Currently, the "release date"
column stores its data as strings. To convert it to the datetime dtype, input the column name as a data
parameter:
As you can see, the new dtype is datetime64[ns]
, which is easier to manipulate for our purposes.
If we're just concerned with converting the data to the datetime dtype, we can also use the function pd.to_datetime
. The output of this function is a bit cleaner than that of pd.DatetimeIndex
:
However, pd.DatetimeIndex
is more versatile and allows us to work with separate components of the date, so that's what we'll work with moving forward.
With either function, you can store the converted data as a new column in your DataFrame. Notice that even though the data looks exactly the same as the "release date"
column, pandas recognizes it as a different dtype.
df["release date datetime"] = pd.DatetimeIndex(data = df["release date"])
df
movie | release date | domestic box office | worldwide box office | personal rating | international box office | release date datetime | |
---|---|---|---|---|---|---|---|
0 | The Truman Show | 1996-06-05 | 125618201 | 264118201 | 10 | 138500000 | 1996-06-05 |
1 | Rogue One: A Star Wars Story | 2016-12-16 | 532177324 | 1055135598 | 9 | 522958274 | 2016-12-16 |
2 | Iron Man | 2008-05-02 | 318604126 | 585171547 | 7 | 266567421 | 2008-05-02 |
3 | Blade Runner | 1982-06-25 | 32656328 | 39535837 | 8 | 6879509 | 1982-06-25 |
4 | Breakfast at Tiffany's | 1961-10-05 | 9551904 | 9794721 | 7 | 242817 | 1961-10-05 |
Extracting Date Information
Now that we understand what pd.DatetimeIndex
does, we can use it to extract date information.
Each part of the date — day, month, and year — has its own attribute that allows us to isolate it from the rest of the entry. Some of the most common and most useful attributes are:
.year
.month
.day
.dayofyear
- (Between 1 and 365)
.weekday
- (Between 0 (Monday) and 6 (Sunday)
and more!
For example, we can create a new column with just the release year of each movie by attaching .year
to the end of the function:
df["release year"] = pd.DatetimeIndex(df["release date"]).year
df
movie | release date | domestic box office | worldwide box office | personal rating | international box office | release year | |
---|---|---|---|---|---|---|---|
0 | The Truman Show | 1996-06-05 | 125618201 | 264118201 | 10 | 138500000 | 1996 |
1 | Rogue One: A Star Wars Story | 2016-12-16 | 532177324 | 1055135598 | 9 | 522958274 | 2016 |
2 | Iron Man | 2008-05-02 | 318604126 | 585171547 | 7 | 266567421 | 2008 |
3 | Blade Runner | 1982-06-25 | 32656328 | 39535837 | 8 | 6879509 | 1982 |
4 | Breakfast at Tiffany's | 1961-10-05 | 9551904 | 9794721 | 7 | 242817 | 1961 |
The "release year"
column will automatically be stored as an int dtype, allowing us to perform numerical analysis — we can calculate the average release year, earliest and latest release years, and more for the movies in this dataset. Before applying pd.DatetimeIndex
, this was impossible because the "release date"

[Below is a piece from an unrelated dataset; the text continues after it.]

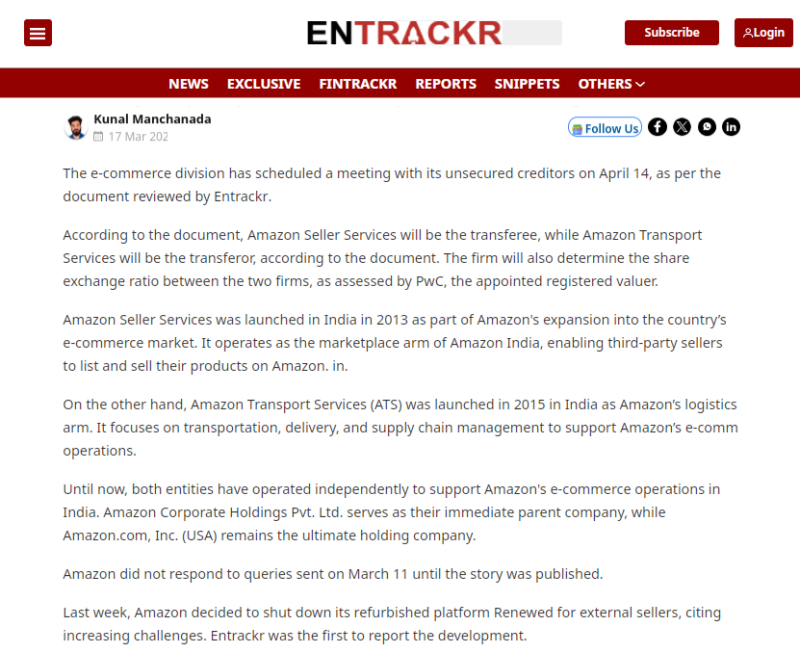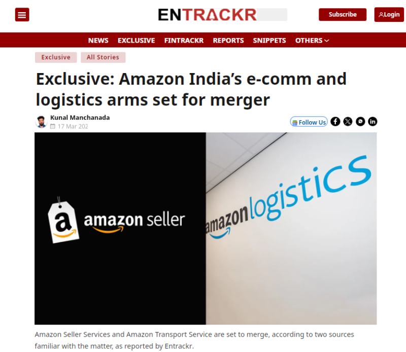 亞馬遜賣家服務于2013年進入印度市場,是亞馬遜印度的電商平臺,為第三方賣家提供商品銷售渠道。亞馬遜運輸服務(ATS)成立于2015年,專注于物流、配送和供應鏈管理,支持亞馬遜在印度的電商業務。盡管兩者此前一直獨立運營,但均隸屬于新加坡的母公司Amazon Corporate Holdings,最終母公司為美國亞馬遜。

entries were stored as strings!
Extracting Time Information
pd.DatetimeIndex
can be applied similarly to time data. We'll use a very simple DataFrame to demonstrate this example:
df2 = pd.DataFrame([
{"time": "1:01"}, {"time": "2:30"}, {"time": "4:18"}, {"time": "11:11"}, {"time": "17:58"}, {"time": "23:46"}
])
df2
time | |
---|---|
0 | 1:01 |
1 | 2:30 |
2 | 4:18 |
3 | 11:11 |
4 | 17:58 |
5 | 23:46 |
Time information can be expressed with the datetime dtype as well; pd.DatetimeIndex
allows Pandas to recognize components of time measurement. By default, Pandas will assign the current date to each entry, but this usually doesn't affect our analysis.
The time-related attributes of pd.DatetimeIndex
include:
.hour
.minute
.second
.microsecond
.nanosecond
For example, we can extract the minute component of every entry in "time"
:
df2["minutes"] = pd.DatetimeIndex(df2["time"]).minute
df2
time | minutes | |
---|---|---|
0 | 1:01 | 1 |
1 | 2:30 | 30 |
2 | 4:18 | 18 |
3 | 11:11 | 11 |
4 | 17:58 | 58 |
5 | 23:46 | 46 |
Again, the entries in "minutes"
have the integer dtype, which enables numerical analysis. We can apply any of the usual Pandas functions to this new column!